双靶向治疗：有研究显示多线治疗后，不含化疗药物的曲妥珠单抗与拉帕替尼双靶向联合方案，较单药拉帕替尼有显著获益，因此，对经多线治疗后或不能耐受化疗不良反应的患者可考虑这一策略；帕妥珠单抗与曲妥珠单抗联合卡培他滨在对比曲妥珠单抗联合卡培他滨二线的研究PHEREXA初步结果显示PFS差异无统计学意义，但OS差异有统计学意义，在未使用过帕妥珠单抗的患者中可考虑尝试。对于多线治疗失败的HER2阳性转移性乳腺癌患者，还可以考虑接受trastuzumab deruxtecan（DS8201）、奈拉替尼联合卡培他滨、图卡替 尼联合曲妥珠单抗及卡培他滨、margetuximab联合化疗等，但许多药物国内仍未普及。

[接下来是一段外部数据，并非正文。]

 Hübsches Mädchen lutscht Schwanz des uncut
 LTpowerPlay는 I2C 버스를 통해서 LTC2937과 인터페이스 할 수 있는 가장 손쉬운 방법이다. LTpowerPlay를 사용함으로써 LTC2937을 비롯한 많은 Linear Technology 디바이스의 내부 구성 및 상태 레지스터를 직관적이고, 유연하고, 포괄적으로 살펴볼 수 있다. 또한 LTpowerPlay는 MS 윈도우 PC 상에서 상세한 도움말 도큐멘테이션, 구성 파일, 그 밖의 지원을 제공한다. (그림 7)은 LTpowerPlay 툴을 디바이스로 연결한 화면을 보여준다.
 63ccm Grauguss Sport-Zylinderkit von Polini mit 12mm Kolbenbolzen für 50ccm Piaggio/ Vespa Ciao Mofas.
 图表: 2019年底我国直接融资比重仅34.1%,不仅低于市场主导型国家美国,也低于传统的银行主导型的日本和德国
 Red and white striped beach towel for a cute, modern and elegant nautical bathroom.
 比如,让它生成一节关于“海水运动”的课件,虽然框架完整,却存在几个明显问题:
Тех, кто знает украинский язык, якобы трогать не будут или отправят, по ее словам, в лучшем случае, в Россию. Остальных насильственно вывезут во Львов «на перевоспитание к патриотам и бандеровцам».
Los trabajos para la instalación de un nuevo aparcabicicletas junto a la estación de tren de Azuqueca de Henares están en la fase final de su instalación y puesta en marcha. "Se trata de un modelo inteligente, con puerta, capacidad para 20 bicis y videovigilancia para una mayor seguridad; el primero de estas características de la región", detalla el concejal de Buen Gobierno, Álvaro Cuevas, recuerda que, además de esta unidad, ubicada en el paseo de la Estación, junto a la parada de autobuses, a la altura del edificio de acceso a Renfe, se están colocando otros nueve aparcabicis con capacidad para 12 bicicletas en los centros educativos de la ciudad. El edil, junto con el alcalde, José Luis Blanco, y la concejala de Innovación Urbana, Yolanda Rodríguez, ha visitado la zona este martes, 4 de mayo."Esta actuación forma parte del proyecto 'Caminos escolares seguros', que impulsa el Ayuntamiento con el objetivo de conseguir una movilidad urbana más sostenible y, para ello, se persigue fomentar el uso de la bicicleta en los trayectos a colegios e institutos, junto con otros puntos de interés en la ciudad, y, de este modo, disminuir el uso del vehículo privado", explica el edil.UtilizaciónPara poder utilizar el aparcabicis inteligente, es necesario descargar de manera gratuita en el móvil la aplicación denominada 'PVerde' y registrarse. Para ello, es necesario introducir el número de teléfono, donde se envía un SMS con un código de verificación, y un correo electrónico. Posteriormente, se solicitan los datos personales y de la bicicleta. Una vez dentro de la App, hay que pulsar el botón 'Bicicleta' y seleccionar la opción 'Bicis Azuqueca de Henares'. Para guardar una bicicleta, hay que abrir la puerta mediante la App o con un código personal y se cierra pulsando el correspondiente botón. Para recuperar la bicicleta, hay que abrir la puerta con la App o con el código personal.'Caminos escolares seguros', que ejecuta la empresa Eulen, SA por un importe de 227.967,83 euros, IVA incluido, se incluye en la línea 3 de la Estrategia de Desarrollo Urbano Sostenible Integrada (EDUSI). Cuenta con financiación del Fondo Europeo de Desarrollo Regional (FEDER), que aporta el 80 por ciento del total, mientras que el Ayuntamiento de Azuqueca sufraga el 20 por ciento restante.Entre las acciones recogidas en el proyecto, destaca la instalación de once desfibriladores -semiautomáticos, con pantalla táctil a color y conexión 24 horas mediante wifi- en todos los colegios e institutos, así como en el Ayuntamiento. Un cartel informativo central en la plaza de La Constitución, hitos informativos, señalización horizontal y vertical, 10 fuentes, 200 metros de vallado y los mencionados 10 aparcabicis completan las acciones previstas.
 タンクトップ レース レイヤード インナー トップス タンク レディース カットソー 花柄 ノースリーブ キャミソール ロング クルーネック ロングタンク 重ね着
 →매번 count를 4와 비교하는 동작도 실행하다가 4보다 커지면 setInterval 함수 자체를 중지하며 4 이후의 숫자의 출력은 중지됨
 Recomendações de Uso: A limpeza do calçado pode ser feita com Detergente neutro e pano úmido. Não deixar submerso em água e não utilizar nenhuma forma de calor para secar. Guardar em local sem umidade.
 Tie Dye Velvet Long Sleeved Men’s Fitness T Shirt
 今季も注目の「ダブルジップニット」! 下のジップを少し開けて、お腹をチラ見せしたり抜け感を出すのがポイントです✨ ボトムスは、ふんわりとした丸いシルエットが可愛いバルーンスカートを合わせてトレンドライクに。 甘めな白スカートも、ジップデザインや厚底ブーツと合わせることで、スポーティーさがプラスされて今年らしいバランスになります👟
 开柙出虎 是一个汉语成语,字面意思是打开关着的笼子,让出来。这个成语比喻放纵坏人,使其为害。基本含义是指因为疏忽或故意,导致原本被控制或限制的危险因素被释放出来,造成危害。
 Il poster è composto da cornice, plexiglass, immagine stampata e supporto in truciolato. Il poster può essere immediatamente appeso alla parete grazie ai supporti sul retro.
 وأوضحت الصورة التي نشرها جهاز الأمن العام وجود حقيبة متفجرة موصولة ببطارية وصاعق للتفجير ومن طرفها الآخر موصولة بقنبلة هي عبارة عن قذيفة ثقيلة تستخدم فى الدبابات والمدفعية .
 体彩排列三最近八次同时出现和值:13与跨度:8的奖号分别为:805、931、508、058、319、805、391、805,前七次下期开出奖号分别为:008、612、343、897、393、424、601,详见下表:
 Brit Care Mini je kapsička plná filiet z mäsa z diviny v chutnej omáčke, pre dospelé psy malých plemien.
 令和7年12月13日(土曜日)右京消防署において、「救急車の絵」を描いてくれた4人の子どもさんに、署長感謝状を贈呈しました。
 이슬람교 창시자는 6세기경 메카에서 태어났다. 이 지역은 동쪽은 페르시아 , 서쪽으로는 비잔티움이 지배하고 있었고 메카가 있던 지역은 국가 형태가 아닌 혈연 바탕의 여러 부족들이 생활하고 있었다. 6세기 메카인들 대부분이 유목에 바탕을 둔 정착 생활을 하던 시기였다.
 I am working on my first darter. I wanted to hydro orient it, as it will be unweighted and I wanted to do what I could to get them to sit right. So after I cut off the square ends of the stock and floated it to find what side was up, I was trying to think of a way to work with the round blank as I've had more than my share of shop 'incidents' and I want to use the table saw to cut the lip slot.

鉴于该领域的新药研发快，鼓励患者进入相应临床试验以争取最大的生存获益。 

⑴ 淋巴结阳性。

⑵ 淋巴结阴性：T_1c及以上，T_1b可推荐，T_1a当伴有高危因素者（如激素受体阴性、淋巴管血管侵犯阳性等）。

⑶ 目前尚无HER2阳性微浸润癌患者能从靶向联合化疗中获益的证据。

⑷ 在具体的临床操作中，对T_1a~T_1b之间的患者，需结合其年龄、心脏状况、肿瘤的组织学分级等因素综合考虑。

化疗方案推荐

AC-T＋抗HER2治疗（蒽环类药物联合环磷酰胺序贯紫杉类药物，曲妥珠单抗±帕妥珠单抗）：蒽环类药物联合环磷酰胺，每3周1次，共4个周期，序贯每周1次紫杉醇共12次或每3周1次多西他赛4个周期，紫杉类药物同时应用抗HER2治疗。或者采用剂量密集方案每2周1次的化疗方案：蒽环类药物联合环磷酰胺4个周期序贯紫杉醇4个周期，紫杉醇同时应用抗HER2治疗，靶向治疗持续1年。

TCb＋抗HER2治疗（多西他赛联合卡铂，曲妥珠单抗±帕妥珠单抗）：多西他赛75 mg/m²，卡铂AUC为5~6，每21 d为1个周期，共6个周期，同时抗HER2治疗，该方案不含蒽环类药物，心脏不良事件发生率等较AC-T＋抗HER2治疗方案低。

wPH（紫杉醇联合曲妥珠单抗周疗）：对于一些淋巴结阴性小肿瘤的早期患者，可以选用每周紫杉醇80 mg/m²，共12次，联合曲妥珠单抗1年的辅助治疗。　

TCH（多西他赛联合环磷酰胺4个疗程联合曲妥珠单抗）：多西他赛联合环磷酰胺（TC）4个疗程，并联合曲妥珠单抗1年的辅助治疗。

靶向治疗推荐

曲妥珠单抗周疗剂量为2 mg/kg（首次剂量为4 mg/kg），或3周1次剂量为6 mg/kg（首次剂量为8 mg/kg），共1年。目前认为，HER2阳性乳腺癌曲妥珠单抗辅助治疗，推荐的用药周期为1年，6个月的短期疗程并未证实其疗效相当，2年的疗程未得到更佳的预后获益，故均暂不推荐。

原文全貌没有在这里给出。